**RAW DATA**
________________________

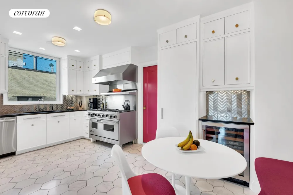 The stunning eat-in chef's kitchen was completely renovated and beautifully appointed with marble tile floors, granite counters, custom stainless backsplash, and abundant custom cabinet and pantry storage. To the delight of any level cook, top-of-the-line stainless appliances include Sub Zero refrigerator and wine refrigerator, Viking 6-burner with griddle and grill gas range oven with professional vented hood, and Bosch dishwasher. A built-in breakfast banquette completes the space.
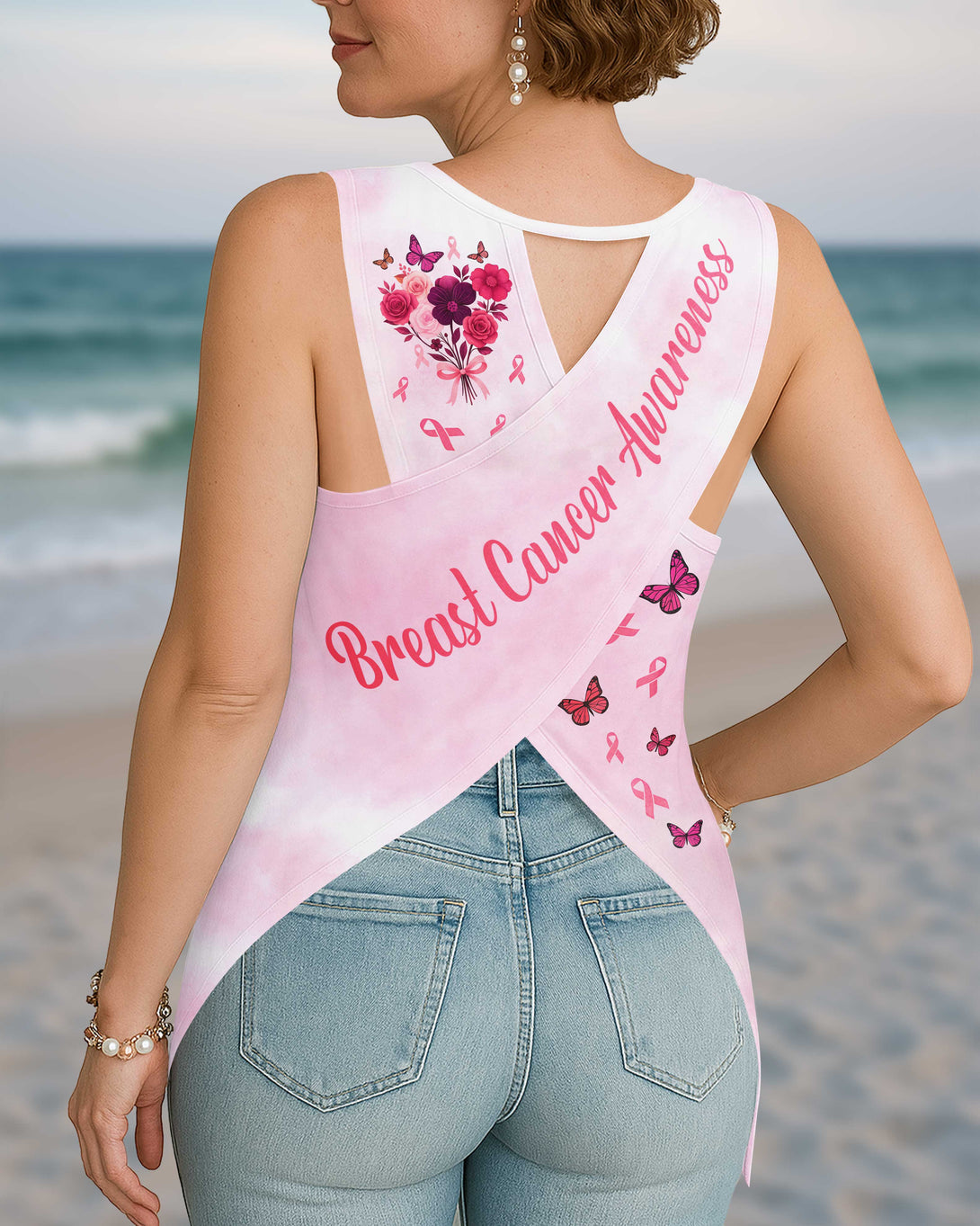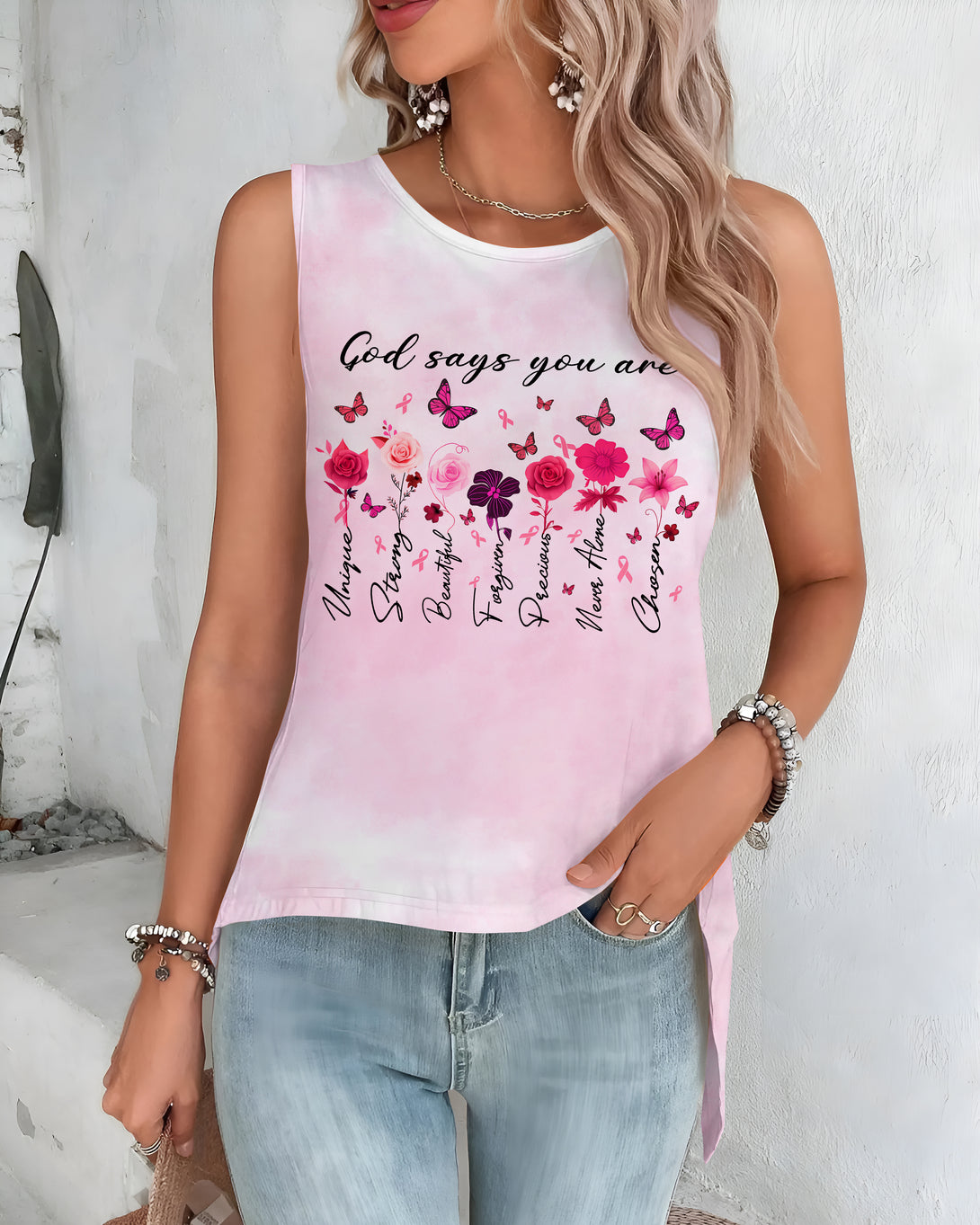 God Says You Are Unique All Over Print Crop Out Wrap Back Tank Top
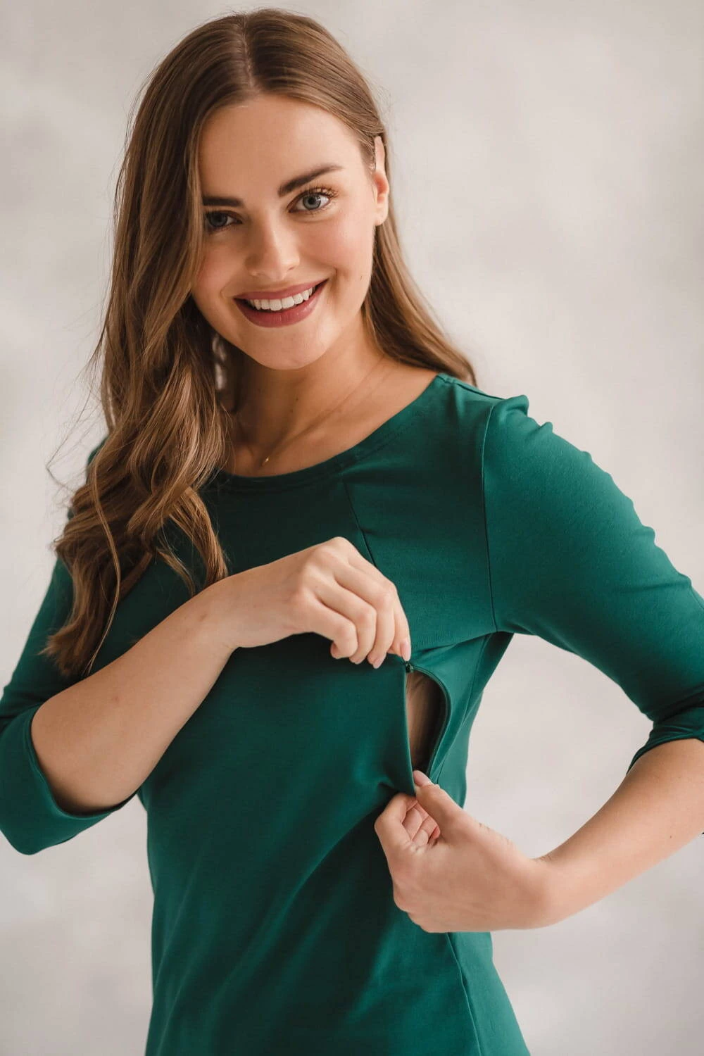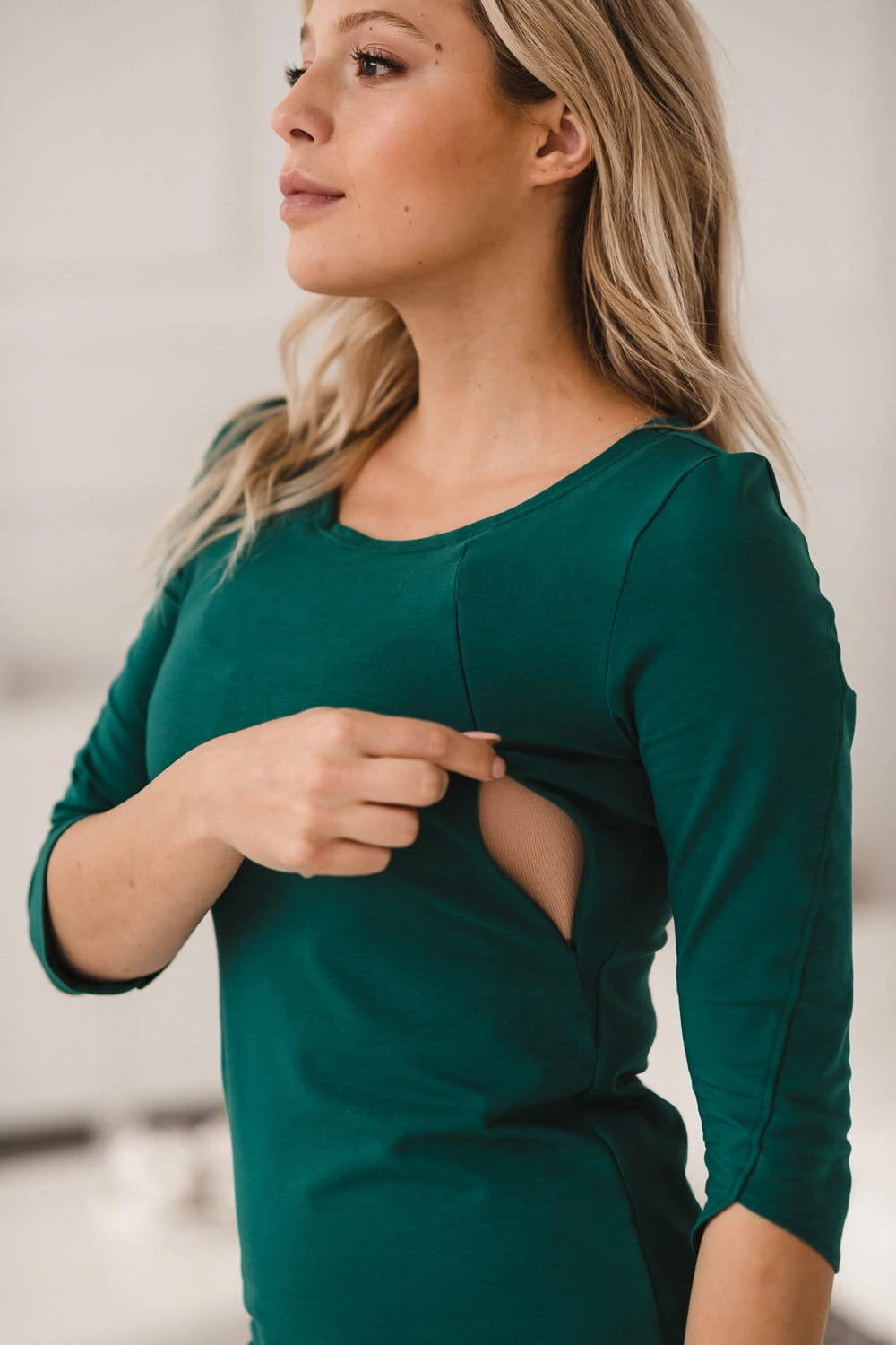 Milky Dress kojící šaty, 3/4 rukáv, lahvově zelené
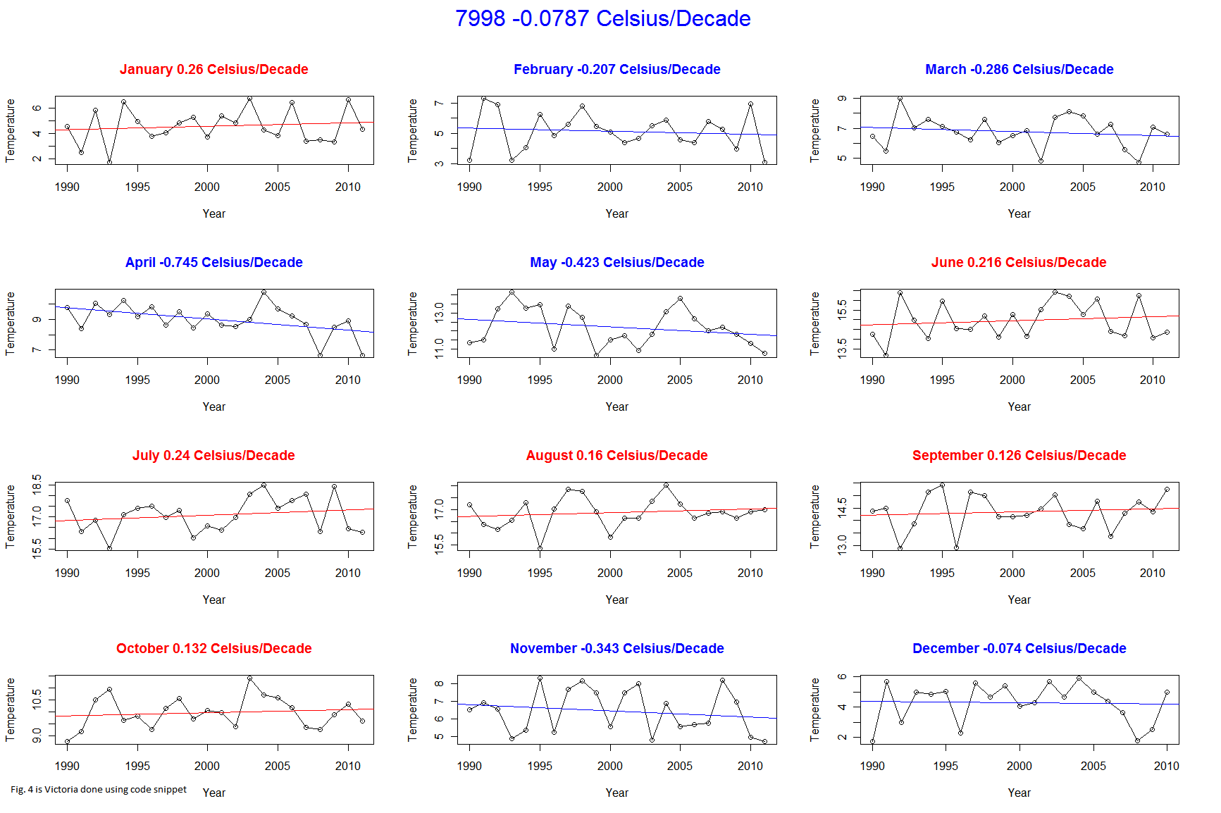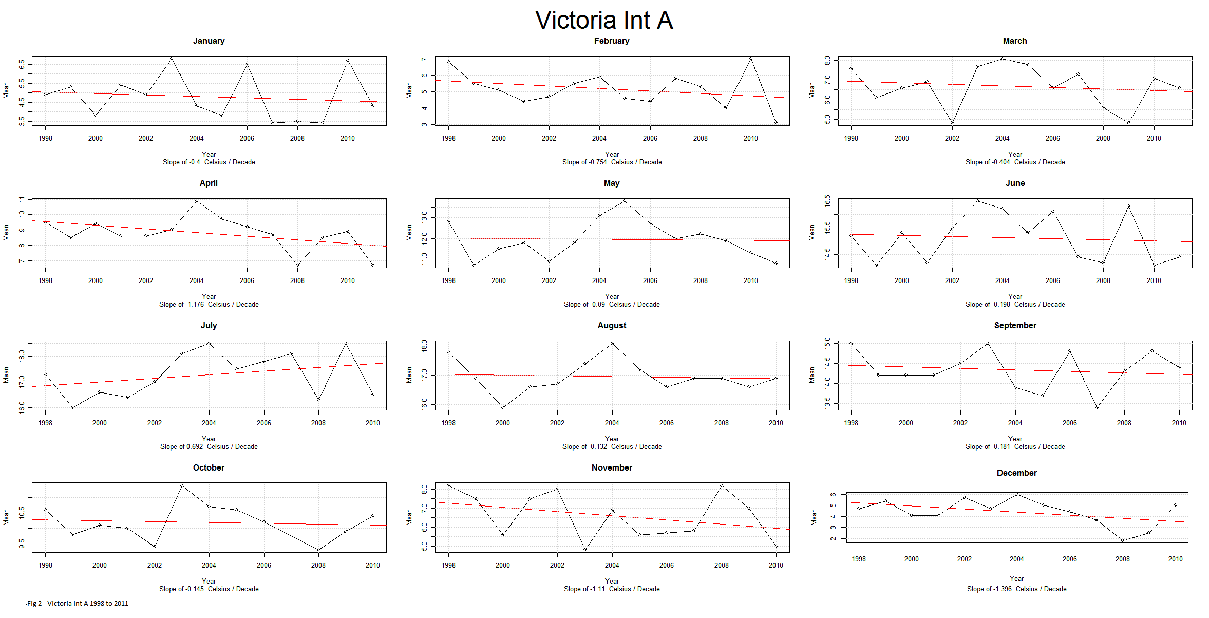By then I had decided it was time to learn R. I wrote an R script to scrape the EC site for data and then I came across a tip that would allow me to segment a plot into 12 subplots and thought why not show each month. I picked Victoria Int A from 1998 to 2011. I chose to take the lm (linear model) value from [R] and multiply it by 10 to show the trend in C per decade.

________________________

**WHAT IS BEING ASKED**
The whole listing above must be returned exactly as written, with no pictures carried over.

**TASK OUTPUT**
 The stunning eat-in chef's kitchen was completely renovated and beautifully appointed with marble tile floors, granite counters, custom stainless backsplash, and abundant custom cabinet and pantry storage. To the delight of any level cook, top-of-the-line stainless appliances include Sub Zero refrigerator and wine refrigerator, Viking 6-burner with griddle and grill gas range oven with professional vented hood, and Bosch dishwasher. A built-in breakfast banquette completes the space.
 God Says You Are Unique All Over Print Crop Out Wrap Back Tank Top
 Milky Dress kojící šaty, 3/4 rukáv, lahvově zelené
By then I had decided it was time to learn R. I wrote an R script to scrape the EC site for data and then I came across a tip that would allow me to segment a plot into 12 subplots and thought why not show each month. I picked Victoria Int A from 1998 to 2011. I chose to take the lm (linear model) value from [R] and multiply it by 10 to show the trend in C per decade.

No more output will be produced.